Autotldr is a bot that uses SMMRY to create a TL;DR/summary. I will put forth points that address the effects this bot has on the reddit community.

It doesn't create laziness, it only responds to it

For the users who click the article link first and then return back to the comments, they will have already given their best attempt of fully reading the article. If they read it fully, the tl;dr is unneeded and ignored. If they skimmed or skipped it, the bot will be useful to at least provide more context to the discussion, like an extension of the title. A large portion of users, especially in the defaulted mainstream subreddits like /r/politics, don't even go to the article and go straight to the comments section. Most of the time, if I skip to the comments, I'm able to illicit some sort of understanding of what the article was about from the title and discussion. However this bot is able to further improve my conjectured understanding. It did not make me skip it, it only helped me when I already decided to skip it. The scenario in which this bot would create a significantly lazy atmosphere is if the tl;dr were to be presented parallel to the main submission, in the same way the OP's tl;dr is presented right next to the long body of self post. Also, the tl;dr becomes more prevalent/hidden as it will get upvoted/downvoted depending on how much of a demand there was for a tl;dr in the first place. If it becomes the top voted comment than it has become more of a competitor to the original text for those who go to the comments first, but by then the thread has decided that a tl;dr was useful and the bot delivered.

It can make sophisticated topics more relevant to mainstream Reddit

Sophisticated and important topics are usually accompanied or presented by long detailed articles. By making these articles and topics relevant to a larger portion of the Reddit userbase (those who weren't willing to read the full article), it popularizes the topic and increases user participation. These posts will get more attention in the form of upvotes/downvotes, comments, and reposts. This will increase the prevalence of sophisticated topics in the mainstream subreddits and compete against cliched memes. This has the potential of re-sophisticating the topic discussion in the mainstream subreddits, as more hardcore redditors don't have to retreat to a safe haven like /r/TrueReddit. This is a loose approximation and the magnitude of this effect is questionable, but I'm not surprised if the general direction of the theory is correct. I'm not claiming this would improve reddit overnight, but instead very very gradually.

It decreases Reddit's dependency on external sites

The bot doubles as a context provider for when a submission link goes down, is removed, or inaccessible at work/school. The next time the article you clicked gives you a 404 error, you won't have to depend on the users to provide context as the bot will have been able to provide that service at a much faster and consistent rate than a person. Additionally, an extended summary is posted in /r/autotldr, which acts as a perpetual archive and decreases how much reddit gets broken by external sites.

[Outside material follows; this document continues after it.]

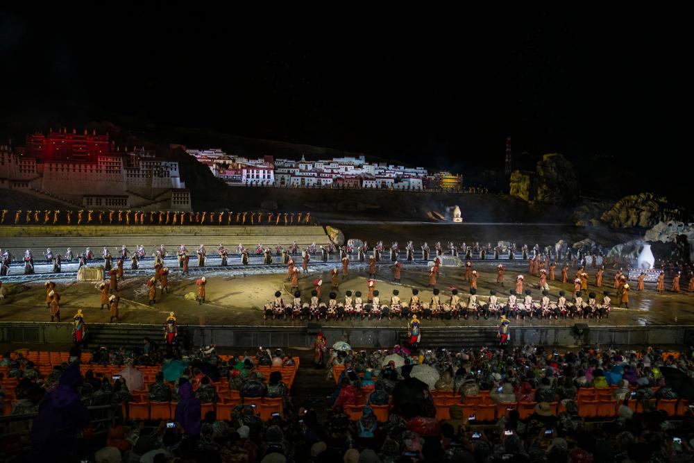 夜幕降臨,實(shí)景劇《文成公主》以現(xiàn)代歌舞劇藝術(shù)形式,講述當(dāng)年文成公主與松贊干布和親的歷史故事。大唐歌舞和藏戲的融合,舞臺(tái)藝術(shù)與自然山川的呼應(yīng),歷史人物與美好主題的展示,讓人領(lǐng)略不一樣的西藏文化。全劇有近800名演職人員。除專職演員外,很多藏族農(nóng)牧民參與演出,有效促進(jìn)當(dāng)?shù)厝罕娋蜆I(yè)增收。

Only useful tl;dr's are posted

There are several criteria for a bot to post a tl;dr. It posts the three most important sentences as decided by the core algorithm, and they must be within 450-700 characters total. The final tl;dr must also be 70% smaller than the original, that way there is a big gap between the original and the tl;dr, hence only very long articles get posted on. This way the likelihood of someone nonchalantly declaring "TL;DR" in a thread and the bot posting in the same one is high. Also my strategy is to tell the bot to post in default, mainstream subreddits were the demand for a TL;DR is much higher than /r/TrueReddit and /r/worldevents.

Feel free to respond to these concepts and to raise your own. Be polite, respectful, and clarify what you say. Any offending posts to this rule will be removed.

GENERATED SUMMARY:

Autotldr is a bot that uses SMMRY to create a TL ; DR/summary.

The scenario in which this bot would create a significantly lazy atmosphere is if the tl ; dr were to be presented parallel to the main submission , in the same way the OP 's tl ; dr is presented right next to the long body of self post.

If it becomes the top voted comment than it has become more of a competitor to the original text for those who go to the comments first , but by then the thread has decided that a tl ; dr was useful and the bot delivered.

By making these articles and topics relevant to a larger portion of the Reddit userbase ( those who were n't willing to read the full article ) , it popularizes the topic and increases user participation.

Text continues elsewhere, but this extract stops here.